On 31 August 2006, tragedy struck the Stewart family when 25-year-old daughter Amy died from injuries sustained when her car hit a tree in country Victoria.

In July 2012, Stewart was admitted to the Royal Melbourne Hospital after suffering what he initially thought was a stroke, but was later diagnosed as Guillain–Barré syndrome. He was home alone at the time – his wife Suzie was in London visiting their other daughter Lauren – and had just returned from the gymnasium when he fell over in his bathroom. He had not experienced any symptoms. Paralysed from the neck down, he struggled to call for an ambulance using his nose.
Stewart is not the first Australian footballer to have suffered from Guillain–Barré syndrome; former Collingwood wingman Graham Wright was diagnosed with the condition in 1993 and took three months to recover. When Hawthorn coach Alastair Clarkson was diagnosed with the condition in May 2014, Stewart, who was still attending three rehabilitation sessions a week, said that he doubted Clarkson would coach again during the season.

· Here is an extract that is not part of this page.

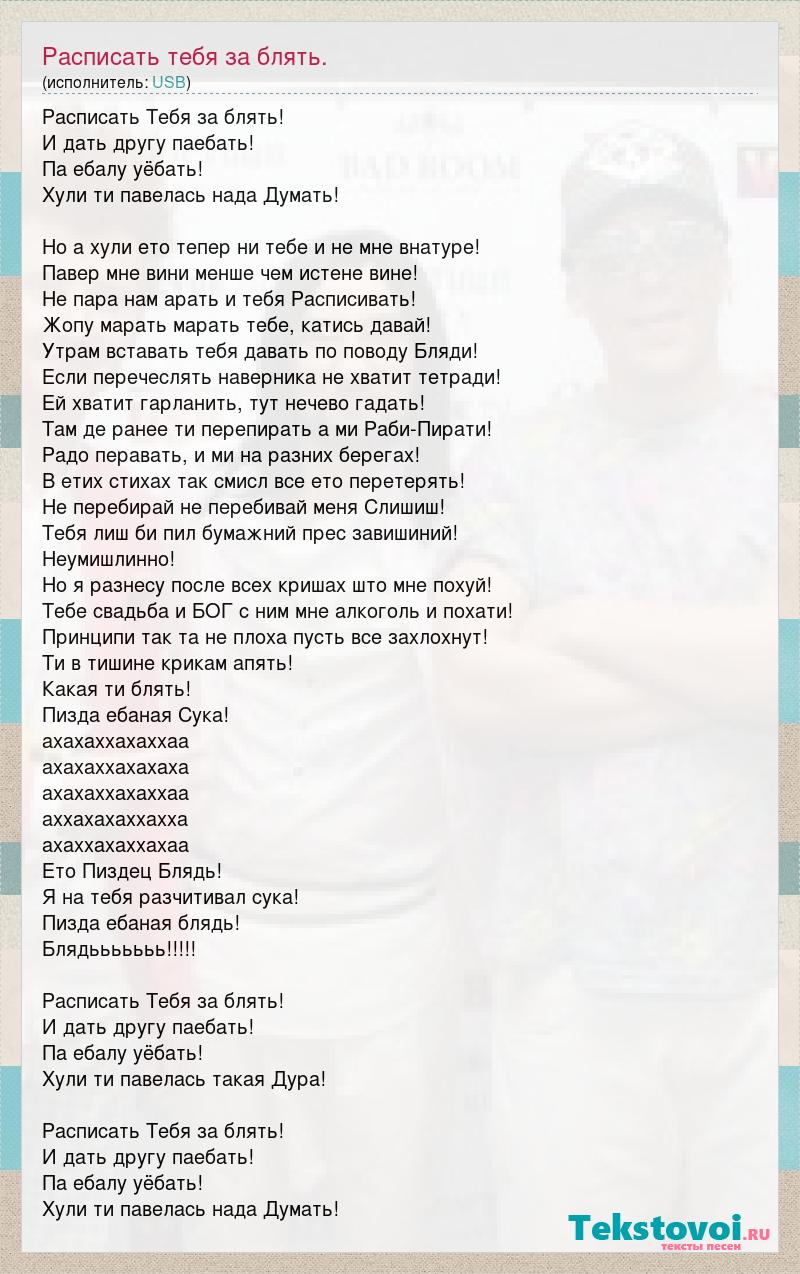 Расписать Тебя за блять! И дать другу паебать! Па ебалу уёбать! Хули ти павелась нада Думать! Но а хули ето тепер ни тебе и не мне внатуре! Павер мне вини менше чем истене вине! Не пара нам арать и тебя Расписивать! Жопу марать марать тебе, катись давай! Утрам вставать тебя давать по поводу Бляди! Если перечеслять наверника не хватит тетради! Ей хватит гарланить, тут нечево гадать! Там де ранее ти перепирать а ми Раби-Пирати! Радо перавать, и ми на разних берегах! В етих стихах так смисл все ето перетерять! Не перебирай не перебивай меня Слишиш! Тебя лиш би пил бумажний прес завишиний! Неумишлинно! Но я разнесу после всех кришах што мне похуй! Тебе свадьба и БОГ с ним мне алкоголь и похати! Принципи так та не плоха пусть все захлохнут! Ти в тишине крикам апять! Какая ти блять! Пизда ебаная Сука! ахахаххахаххаа ахахаххахахаха ахахаххахаххаа аххахахаххахха ахаххахаххахаа Ето Пиздец Блядь! Я на тебя разчитивал сука! Пизда ебаная блядь! Блядььььььь!!!!! Расписать Тебя за блять! И дать другу паебать! Па ебалу уёбать! Хули ти павелась такая Дура! Расписать Тебя за блять! И дать другу паебать! Па ебалу уёбать! Хули ти павелась нада Думать!

In July 2014, it was reported that Stewart, who had settled in Woodend, had donated some of his football memorabilia to raise funds for local charity Artists for Orphans.

==Honours and tributes==
Stewart's sporting achievements have been recognised with numerous honours. Besides his three Brownlow Medals, Stewart was inducted into the Sport Australia Hall of Fame in 1986. He was also inducted into the Tasmanian Sporting Hall of Fame in 1993, and in 1996 was one of the first inductees into the Australian Football Hall of Fame before being elevated to Legend status the following year. In 2000, he received an Australian Sports Medal.